— Raw data —
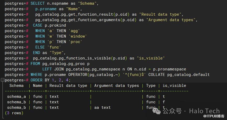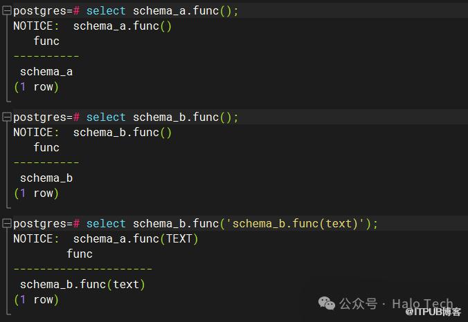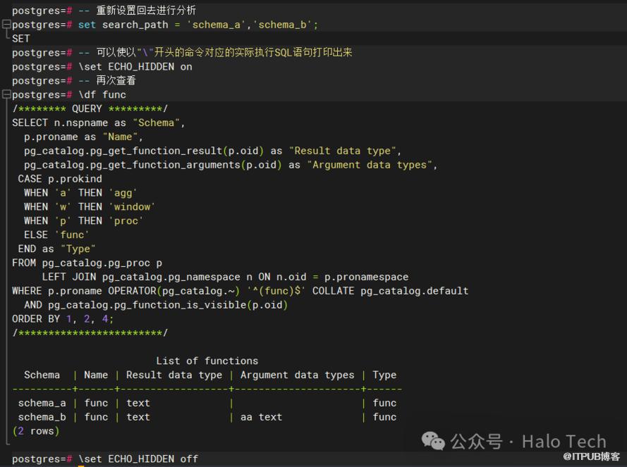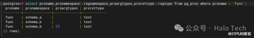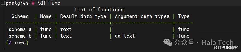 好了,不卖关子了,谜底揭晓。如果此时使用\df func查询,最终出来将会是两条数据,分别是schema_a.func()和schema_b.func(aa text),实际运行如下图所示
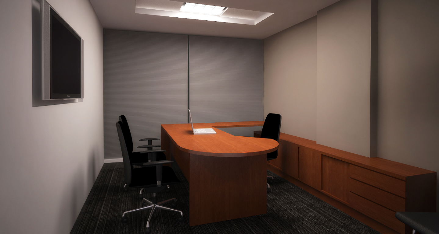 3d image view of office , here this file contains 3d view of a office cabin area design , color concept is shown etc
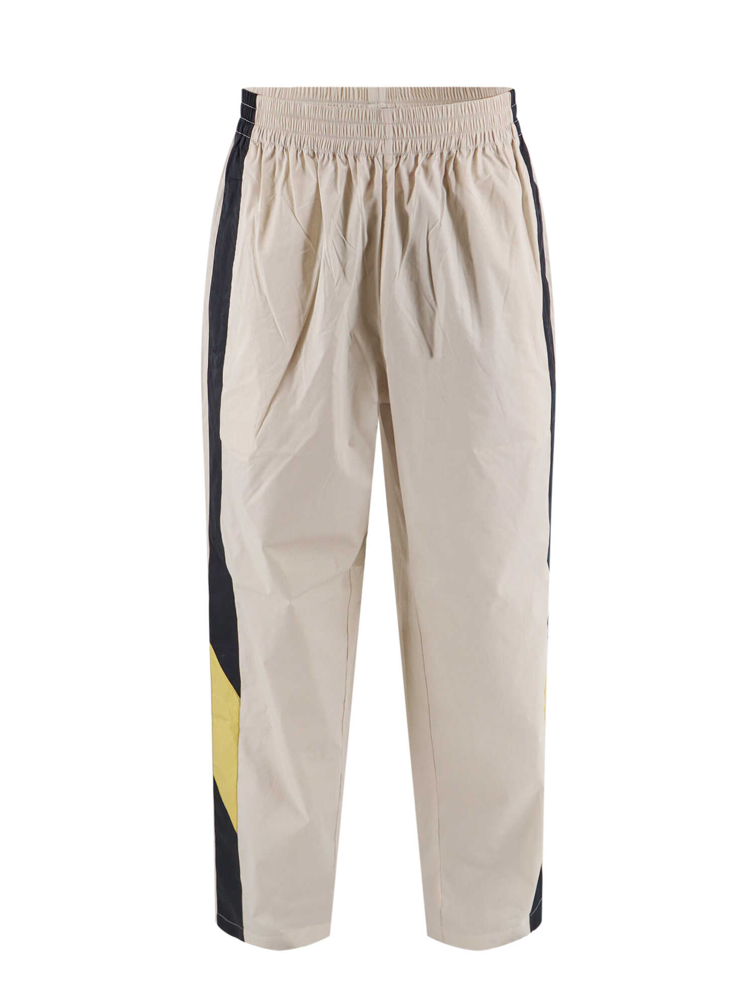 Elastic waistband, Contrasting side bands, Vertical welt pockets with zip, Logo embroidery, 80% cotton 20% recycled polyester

— Try it —
Restate the whole listing above exactly, please, omitting every image.

— Result for this task —
 好了,不卖关子了,谜底揭晓。如果此时使用\df func查询,最终出来将会是两条数据,分别是schema_a.func()和schema_b.func(aa text),实际运行如下图所示
 3d image view of office , here this file contains 3d view of a office cabin area design , color concept is shown etc
 Elastic waistband, Contrasting side bands, Vertical welt pockets with zip, Logo embroidery, 80% cotton 20% recycled polyester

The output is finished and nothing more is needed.